Draußen beobachtet

Die neusten Einwanderer

Mit Wollballen aus Afrika verschleppt
Von Professor Dr. Wilfried Stichmann. Erschienen im Soester Anzeiger am 13.10.2018


MÖHNESEE – Inzwischen hat der gelbblühende Körbchenblüter, dessen Blütenstände an die artenreiche Gattung der Kreuzkräuter erinnert, aber als einzige auffallend schmale Blätter hat, auch das Möhnetal erreicht. Autofahrern ist es schon vorher aufgefallen, weil er an den Autobahnen plötzlich neu und massenhaft auftritt, und zwar auf den Banketten unmittelbar am Fahrbahnrand. Diesen säumen sie bandartig so dicht, dass sie wie ein gelber Streifen wirken.
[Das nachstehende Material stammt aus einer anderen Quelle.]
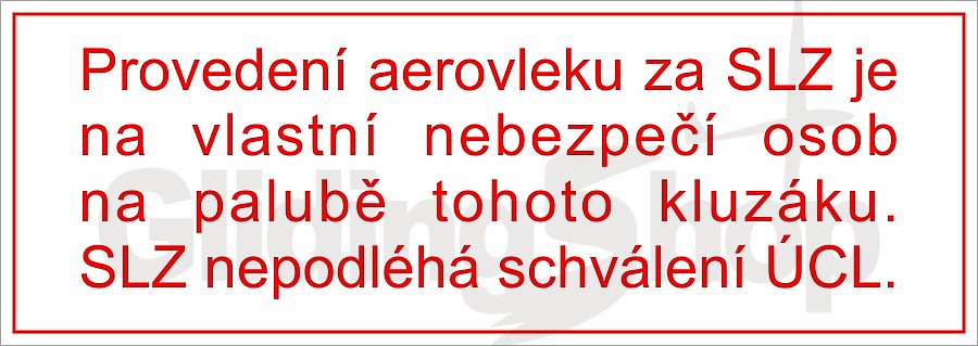5.2.11 Při každém letu ve vleku za ULL musí být kluzák vybaven štítkem umístěným na místě viditelném pro každou osobu na palubě kluzáku s jasně čitelným textem: „Provedení aerovleku za SLZ je na vlastní nebezpečí osob na palubě tohoto kluzáku. SLZ nepodléhá schválení ÚCL.“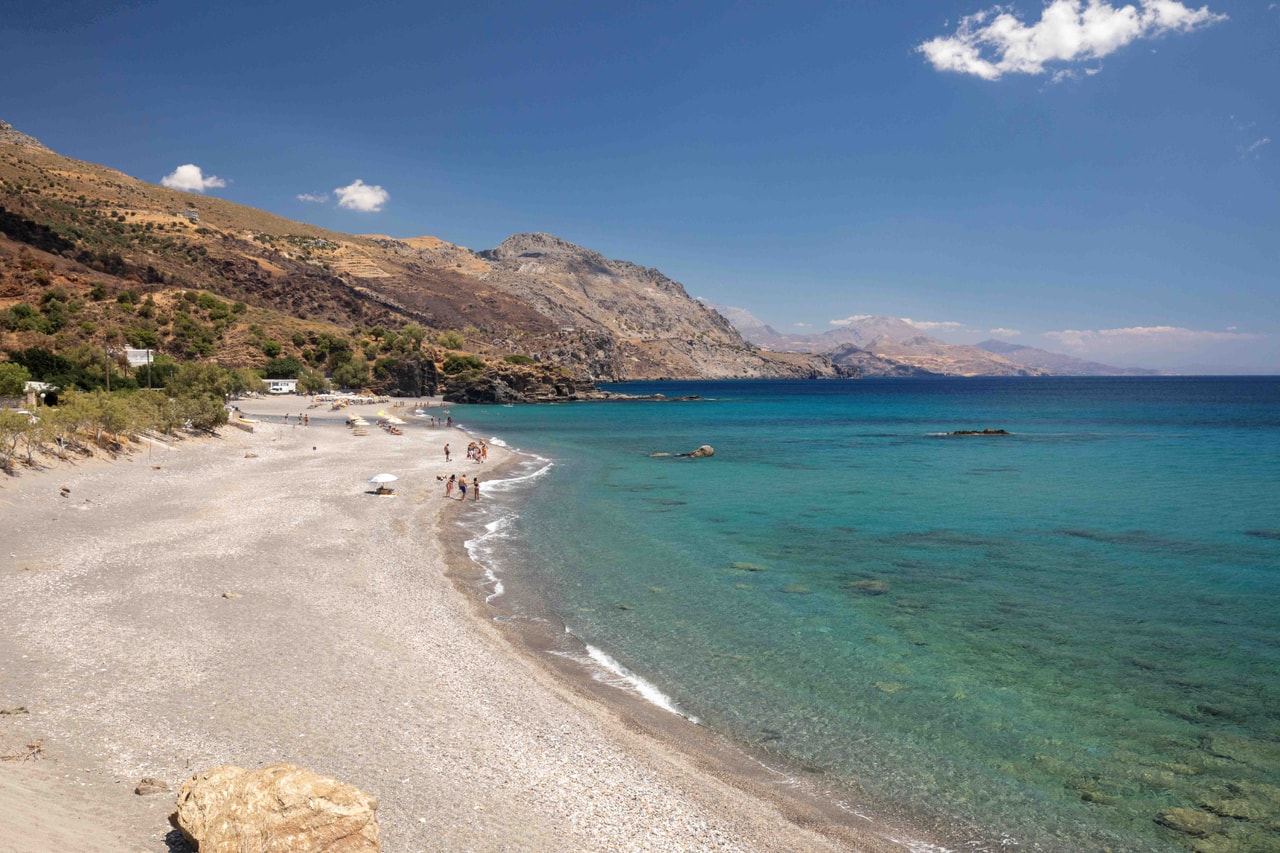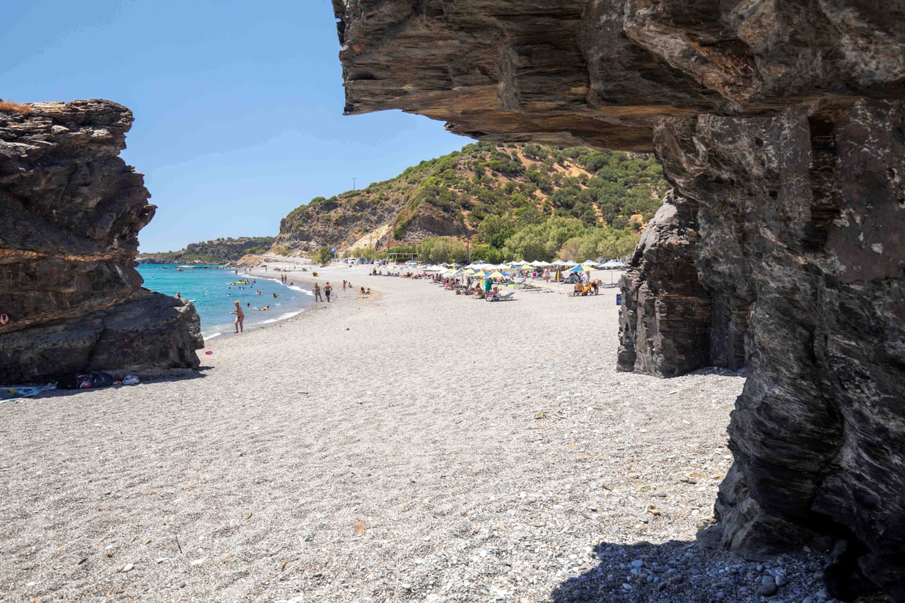 Η παραλία είναι αμμουδερή με ψιλό βότσαλο και οργανωμένη και σχηματίζεται στην έξοδο του ποταμού που διέρχεται από το φαράγγι Ροδάκινο.

Es ist das Schmalblättrige Kreuzkraut, das im Spätherbst noch dann blüht, wenn der Frost schon die übrige Flora dahingerafft hat. Früher hat es diese Art in Mitteleuropa nicht gegeben. Autofahrende Botaniker haben sie im westlichen Ruhrgebiet zuerst entdeckt, wo sie sich Jahr für Jahr weiter ausbreitet, immer an den Autobahnen entlang und von dort aus nach und nach in das Hinterland. Kein Zweifel es war ein Neueinwanderer, der erst in den letzten 20 Jahren das Land besiedelt und an den Fahrbahnrändern so optimale unbewachsene Streifen findet, dass die Samen – vom Winde verweht – dort immer weiter ostwärts wandern konnten, Naturfreude haben auf die Schmalblättrigen Kreuzkräuter besonders geachtet und teilweise sogar die Orte ihres ersten Auftretens kartographisch erfasst. Die Wanderfreudigkeit unterstreicht die Art durch das Auftreten einzelner Exemplare am Rennweg mitten im Arnsberger Wald.
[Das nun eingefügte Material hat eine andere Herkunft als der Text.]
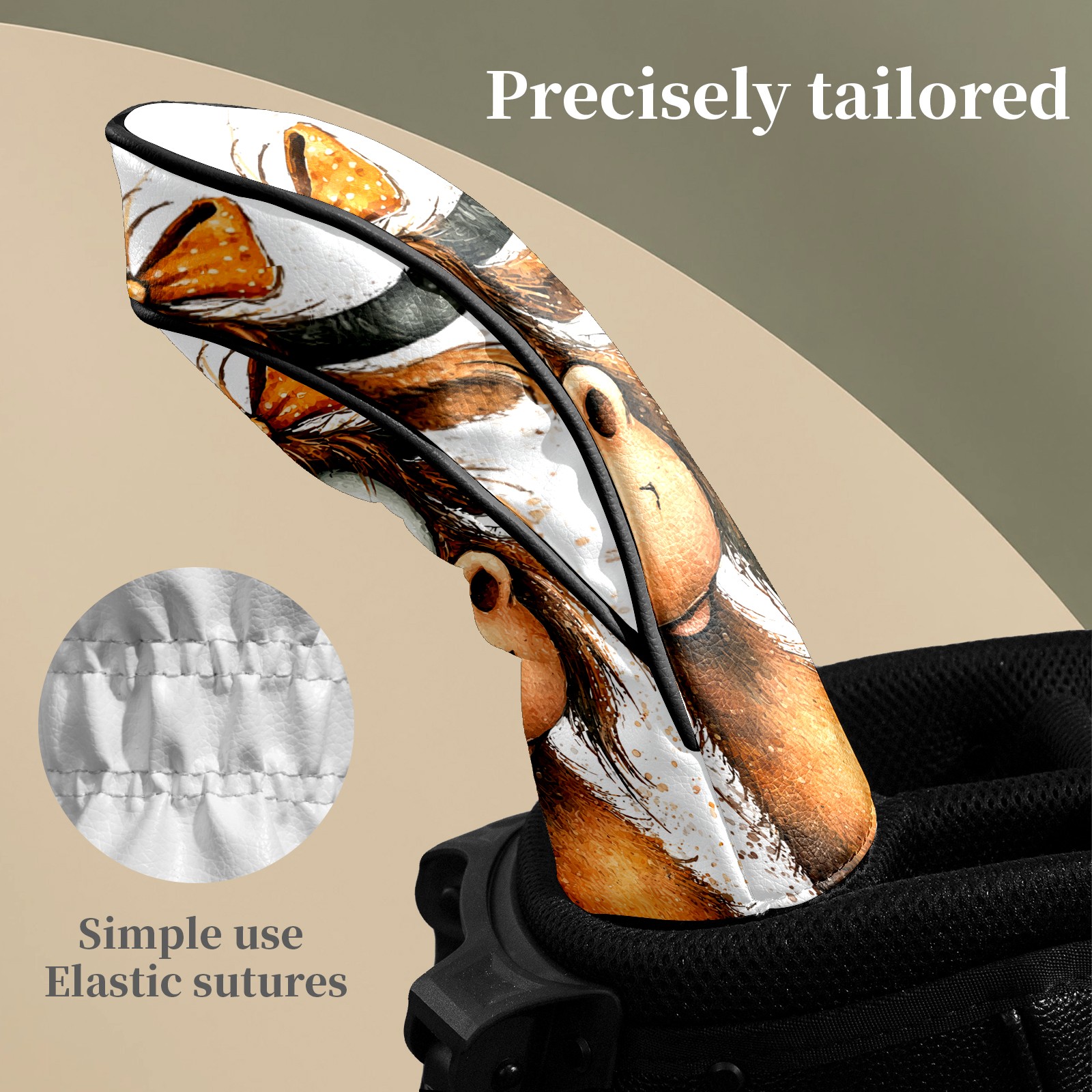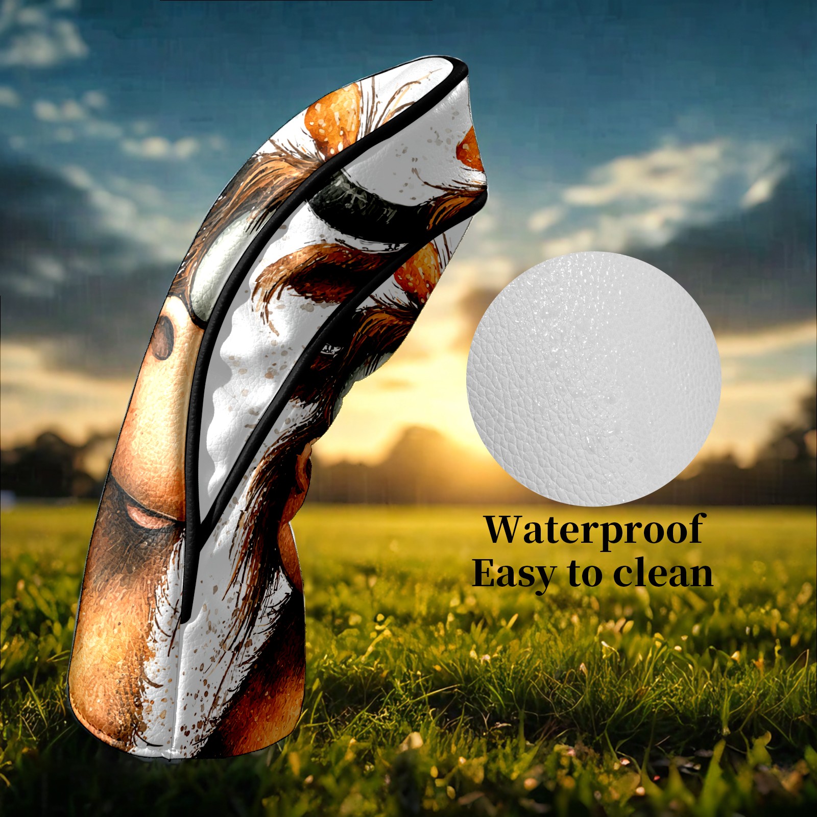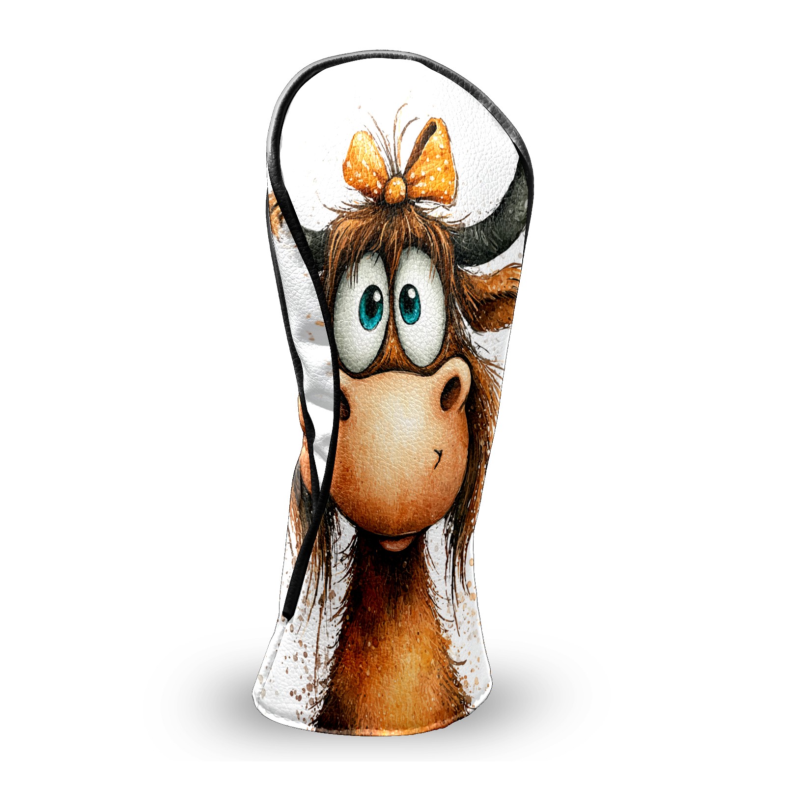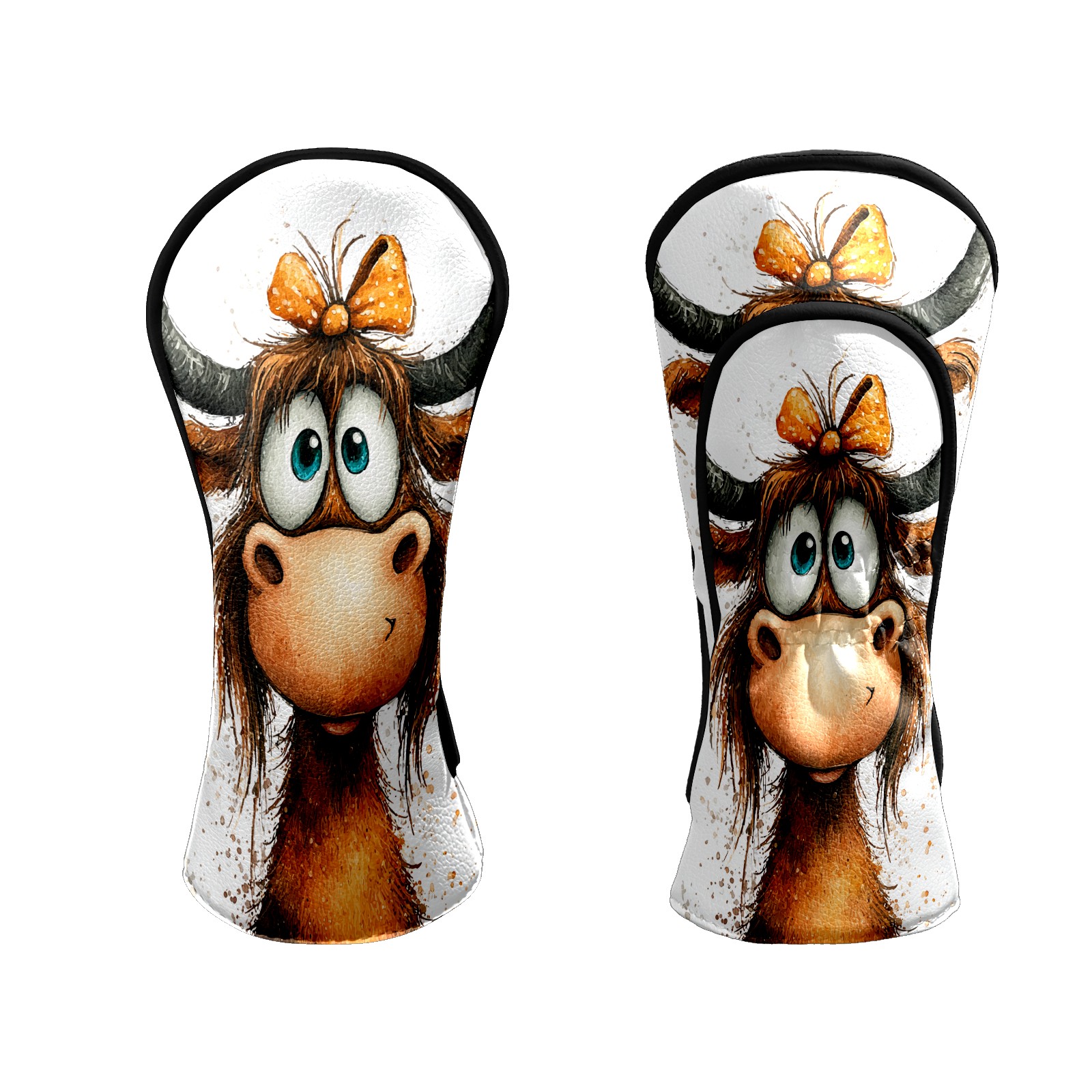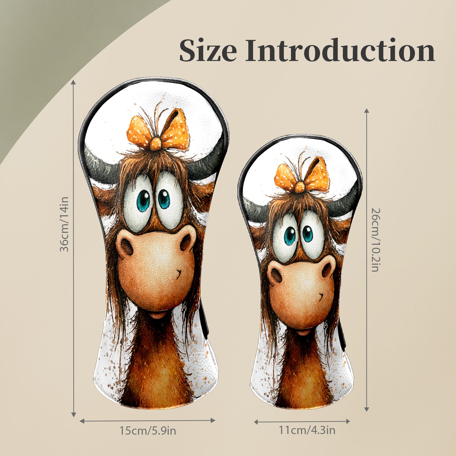 Golf Club Head Covers - Cartoon Cow Brown Driver Fairway Headcover, Premium PU Leather, Protective Velvet Lining, Secure Elastic Band, Fits All Golf Brands, Perfect Gift for Golfers Men Women

By Rosa-Maria Rinkl [CC BY-SA 4.0 (https://creativecommons.org/licenses/by-sa/4.0)], from Wikimedia Commons

Bei der Frage nach ihrer Herkunft beginnt inzwischen eine schöne Legende. Pflanzengeographisch gesichert ist, dass sie ihre Heimat in Südafrika hat. Auf europäischen Boden gefallen soll zumindest ein Saatkorn in einem der Häfen sein, möglicherweise in Duisburg, dem größten deutschen Umschlagplatz für Güter aus aller Welt. Und die Legende erzählt weiter, die Saat des Verwandten unserer heimischen Kreuzkräuter, dem Fuchs-, dem Klebrigen- und dem Jakobskreuzkraut sei in einem Wolleballen auf die weite Reise gegangen.